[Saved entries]

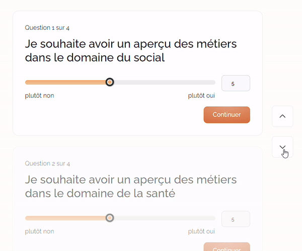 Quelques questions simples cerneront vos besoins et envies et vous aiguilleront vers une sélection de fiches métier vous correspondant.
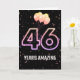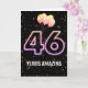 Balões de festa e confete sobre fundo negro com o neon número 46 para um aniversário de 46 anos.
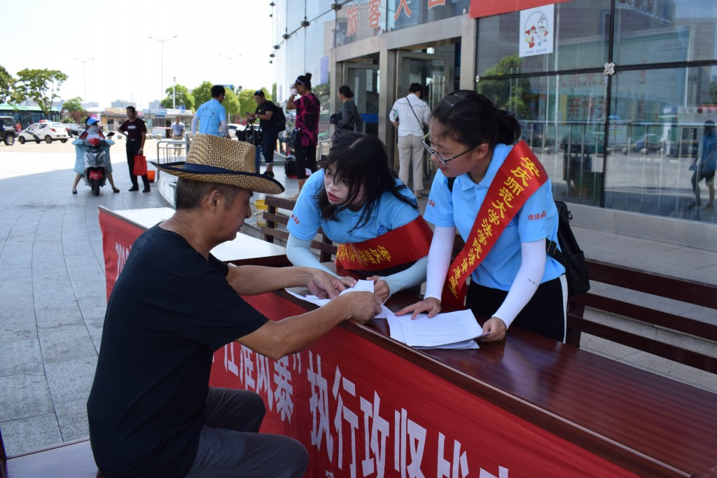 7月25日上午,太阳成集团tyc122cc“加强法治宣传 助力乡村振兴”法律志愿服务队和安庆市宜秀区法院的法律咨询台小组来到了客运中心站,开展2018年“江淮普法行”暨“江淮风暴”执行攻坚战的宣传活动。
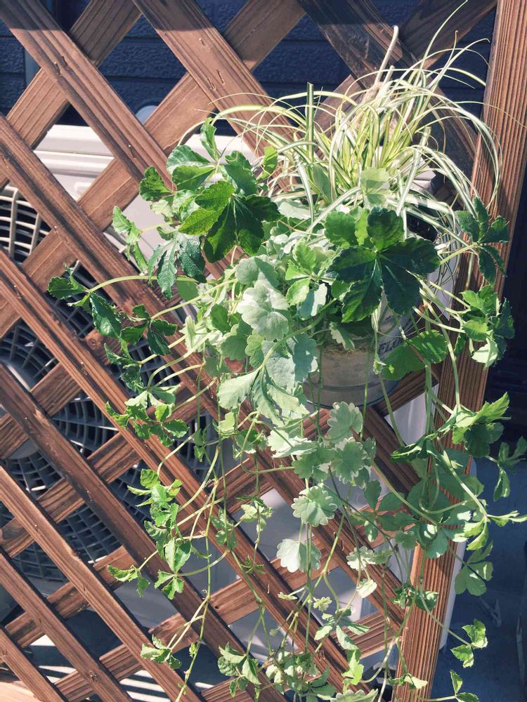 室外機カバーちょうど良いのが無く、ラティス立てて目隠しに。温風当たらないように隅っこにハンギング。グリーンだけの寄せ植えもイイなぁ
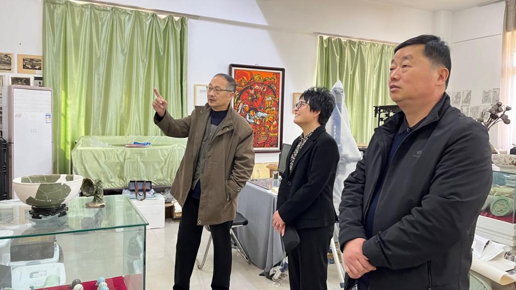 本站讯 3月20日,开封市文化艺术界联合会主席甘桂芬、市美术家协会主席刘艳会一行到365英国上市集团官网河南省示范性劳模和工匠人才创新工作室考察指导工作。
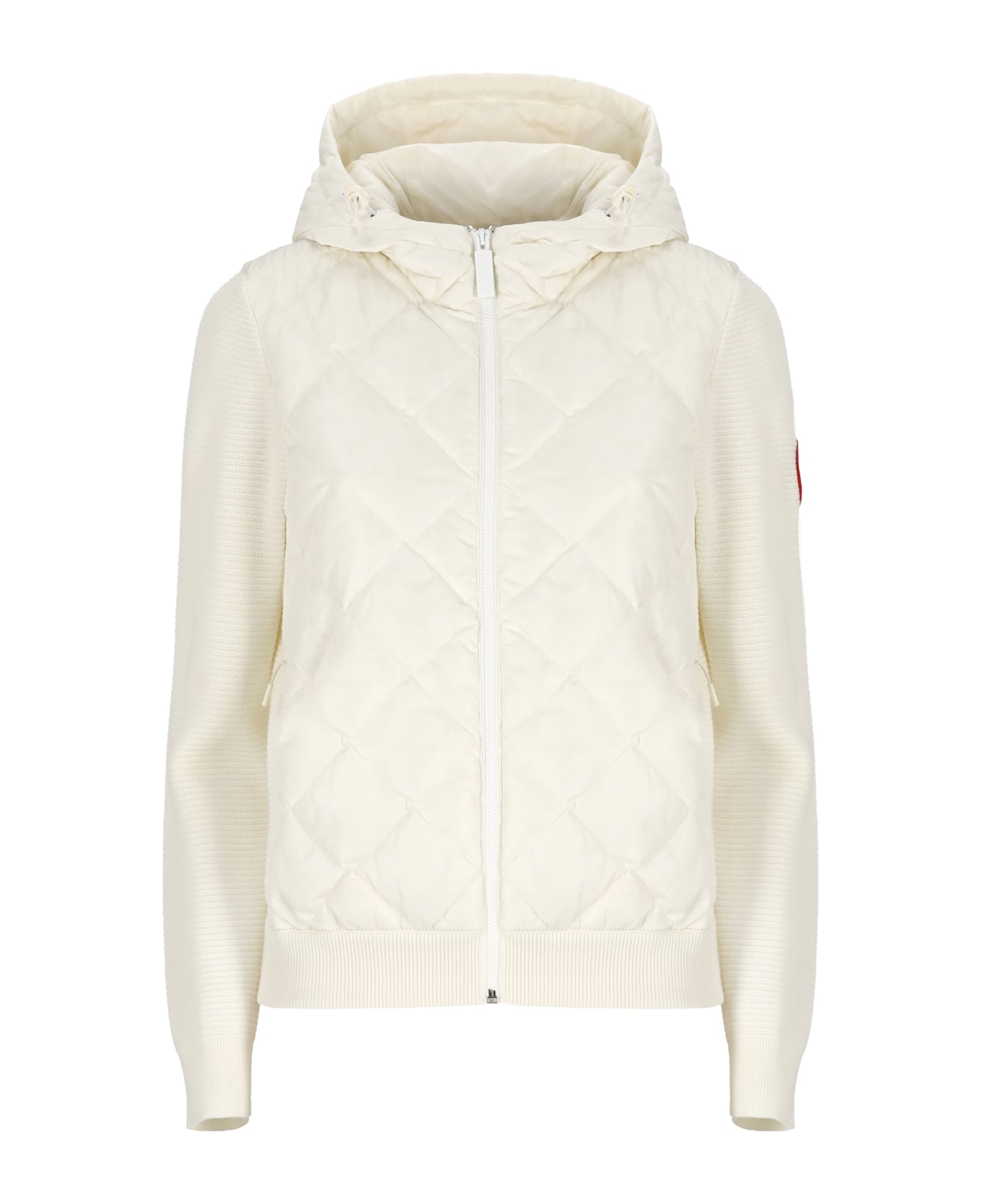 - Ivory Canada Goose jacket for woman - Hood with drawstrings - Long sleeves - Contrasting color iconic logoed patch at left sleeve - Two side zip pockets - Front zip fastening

Exercise brief - With the pictures omitted, restate every entry above word for word.

Expected answer -
 Quelques questions simples cerneront vos besoins et envies et vous aiguilleront vers une sélection de fiches métier vous correspondant.
 Balões de festa e confete sobre fundo negro com o neon número 46 para um aniversário de 46 anos.
 7月25日上午,太阳成集团tyc122cc“加强法治宣传 助力乡村振兴”法律志愿服务队和安庆市宜秀区法院的法律咨询台小组来到了客运中心站,开展2018年“江淮普法行”暨“江淮风暴”执行攻坚战的宣传活动。
 室外機カバーちょうど良いのが無く、ラティス立てて目隠しに。温風当たらないように隅っこにハンギング。グリーンだけの寄せ植えもイイなぁ
 本站讯 3月20日,开封市文化艺术界联合会主席甘桂芬、市美术家协会主席刘艳会一行到365英国上市集团官网河南省示范性劳模和工匠人才创新工作室考察指导工作。
 - Ivory Canada Goose jacket for woman - Hood with drawstrings - Long sleeves - Contrasting color iconic logoed patch at left sleeve - Two side zip pockets - Front zip fastening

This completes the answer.